In [37]:
%load_ext autoreload
%autoreload 2

The autoreload extension is already loaded. To reload it, use:
  %reload_ext autoreload


In [38]:
import logging
import os
import sys
from datetime import datetime, timedelta, timezone
sys.path.append(os.path.abspath(os.path.join(os.getcwd(), "..")))
import joblib
from hsml.model_schema import ModelSchema
from hsml.schema import Schema
from sklearn.metrics import mean_absolute_error

import config.config as config
from src.data_fetching_and_processing.transform_ts_data_to_features_and_target import transform_ts_data_info_features_and_target
from src.inference.fetch_days_data import fetch_days_data
from src.utils.inference_utils.inference_utils import (
    get_hopsworks_project,
    load_metrics_from_registry,
    load_model_from_registry
)
from src.utils.pipeline_utils.pipeline_utils import get_pipeline


In [39]:
print(f"Fetching data from group store ...")
ts_data = fetch_days_data(180)
print(len(ts_data))
print(f"Transforming to ts_data ...")

Fetching data from group store ...
2023-09-03 05:47:46.043540+00:00 2025-03-01 05:47:46.043540+00:00
2025-03-01 00:47:46,060 INFO: Closing external client and cleaning up certificates.
Connection closed.
2025-03-01 00:47:46,074 INFO: Initializing external client
2025-03-01 00:47:46,074 INFO: Base URL: https://c.app.hopsworks.ai:443
2025-03-01 00:47:46,921 INFO: Python Engine initialized.

Logged in to project, explore it here https://c.app.hopsworks.ai:443/p/1214648
Finished: Reading data from Hopsworks, using Hopsworks Feature Query Service (8.62s) 
2392324
Transforming to ts_data ...


In [40]:
ts_data.head()

Unnamed: 0,pickup_hour,pickup_location_id,zone,rides
0,2025-02-26 05:00:00+00:00,131,"Jamaica Estates, Queens",0
1,2025-02-08 13:00:00+00:00,33,"Brooklyn Heights, Brooklyn",0
2,2025-02-06 20:00:00+00:00,226,"Sunnyside, Queens",0
3,2025-02-03 12:00:00+00:00,242,"Van Nest/Morris Park, Bronx",0
4,2025-02-11 02:00:00+00:00,225,"Stuyvesant Heights, Brooklyn",0


In [41]:
features, targets = transform_ts_data_info_features_and_target(
    ts_data, window_size=24 * 28, step_size=23
)
pipeline = get_pipeline()
print(f"Training model ...")

pipeline.fit(features, targets)

predictions = pipeline.predict(features)

Training model ...
[LightGBM] [Info] Auto-choosing col-wise multi-threading, the overhead of testing was 0.071322 seconds.
You can set `force_col_wise=true` to remove the overhead.
[LightGBM] [Info] Total Bins 163395
[LightGBM] [Info] Number of data points in the train set: 96524, number of used features: 675
[LightGBM] [Info] Start training from score 1.108253


In [42]:
test_mae = mean_absolute_error(targets, predictions)
metric = load_metrics_from_registry()

print(f"The new MAE is {test_mae:.4f}")
print(f"The previous MAE is {metric['test_mae']:.4f}")

if test_mae < metric.get("test_mae"):
    print(f"Registering new model")
    model_path = config.MODELS_DIR / "lgb_model.pkl"
    joblib.dump(pipeline, model_path)

    input_schema = Schema(features)
    output_schema = Schema(targets)
    model_schema = ModelSchema(input_schema=input_schema, output_schema=output_schema)
    project = get_hopsworks_project()
    model_registry = project.get_model_registry()

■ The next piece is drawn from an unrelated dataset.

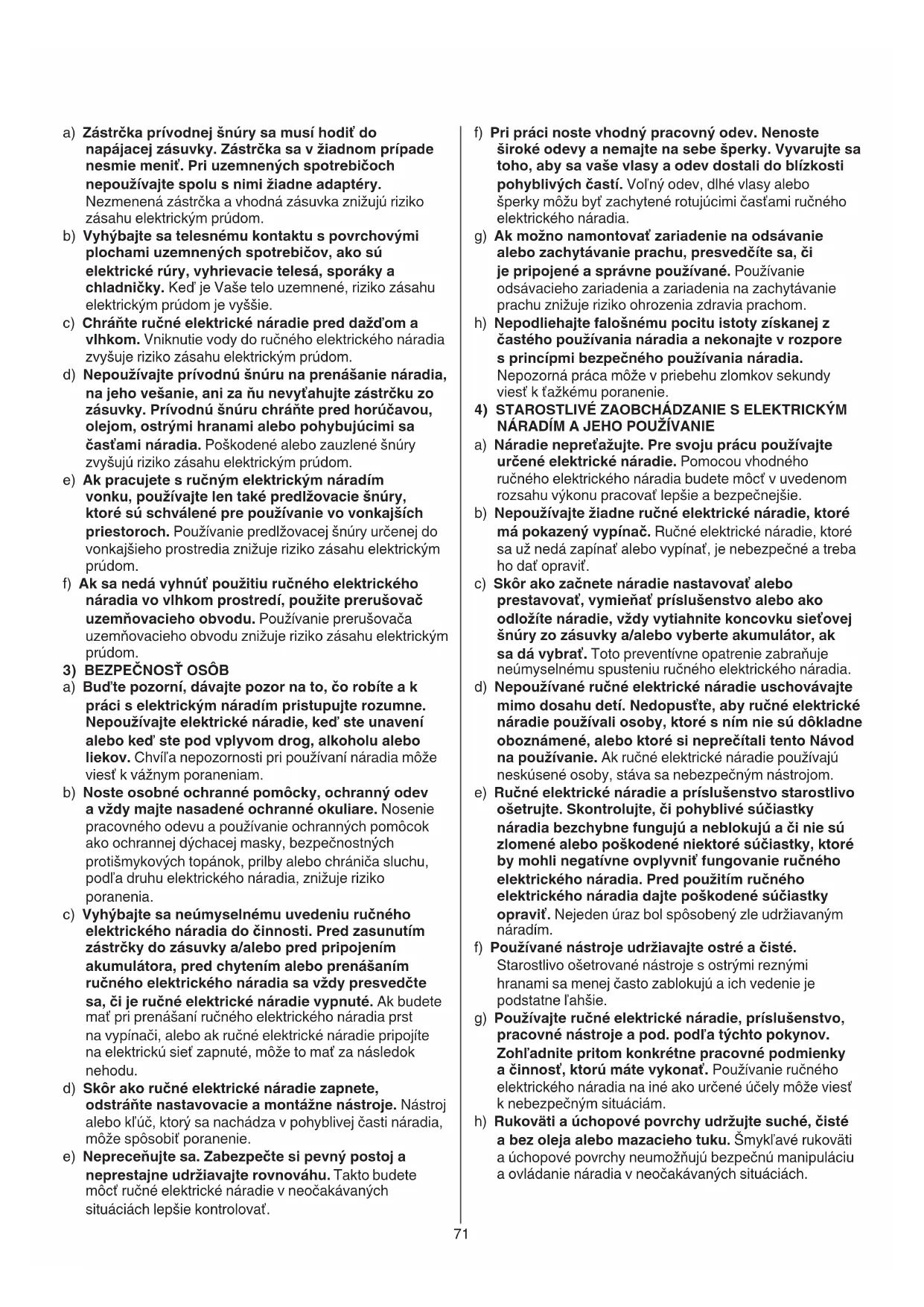 a) Buďte pozorní, dávajte pozor na to, čo robíte a k práci s elektrickým náradím pristupujte rozumne. Nepoužívajte elektrické náradie, keď ste unavení alebo keď ste pod vplyvom drog, alkoholu alebo liekov. Chvíľa nepozornosti pri používaní náradia môže viesť k vážnym poraneniam. b) Noste osobné ochranné pomôcky, ochranný odev a vždy majte nasadené ochranné okuliare. Nosenie pracovného odevu a používanie ochranných pomôcok ako ochrannej dýchacej masky, bezpečnostných protišmykových topánok, prilby alebo chrániča sluchu, podľa druhu elektrického náradia, znižuje riziko poranenia. c) Vyhýbajte sa neúmyselnému uvedeniu ručného elektrického náradia do činnosti. Pred zasunutím zástrčky do zásuvky a/alebo pred pripojením akumulátora, pred chytením alebo prenášaním ručného elektrického náradia sa vždy presvedčte sa, či je ručné elektrické náradie vypnuté. Ak budete mať pri prenášaní ručného elektrického náradia prst na vypínači, alebo ak ručné elektrické náradie pripojíte na elektrickú sieť zapnuté, môže to mať za následok nehodu. d) Skôr ako ručné elektrické náradie zapnete, odstráňte nastavovacie a montážne nástroje. Nástroj alebo kľúč, ktorý sa nachádza v pohyblivej časti náradia, môže spôsobiť poranenie. e) Nepreceňujte sa. Zabezpečte si pevný postoj a neprestajne udržiavajte rovnováhu. Takto budete môcť ručné elektrické náradie v neočakávaných situáciách lepšie kontrolovať.72

    model = model_registry.sklearn.create_model(
        name="taxi_demand_predictor_next_hour_v2",
        metrics={"test_mae": test_mae},
        input_example=features.sample(),
        model_schema=model_schema,
    )
    model.save(model_path)
else:
    print(f"Skipping model registration because new model is not better!")

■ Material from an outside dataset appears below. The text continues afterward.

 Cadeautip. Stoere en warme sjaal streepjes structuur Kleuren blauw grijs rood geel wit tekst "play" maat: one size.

2025-03-01 00:48:46,378 INFO: Closing external client and cleaning up certificates.
Connection closed.
2025-03-01 00:48:46,384 INFO: Initializing external client
2025-03-01 00:48:46,385 INFO: Base URL: https://c.app.hopsworks.ai:443
2025-03-01 00:48:47,221 INFO: Python Engine initialized.

Logged in to project, explore it here https://c.app.hopsworks.ai:443/p/1214648
The new MAE is 1.7168
The previous MAE is 0.0125
Skipping model registration because new model is not better!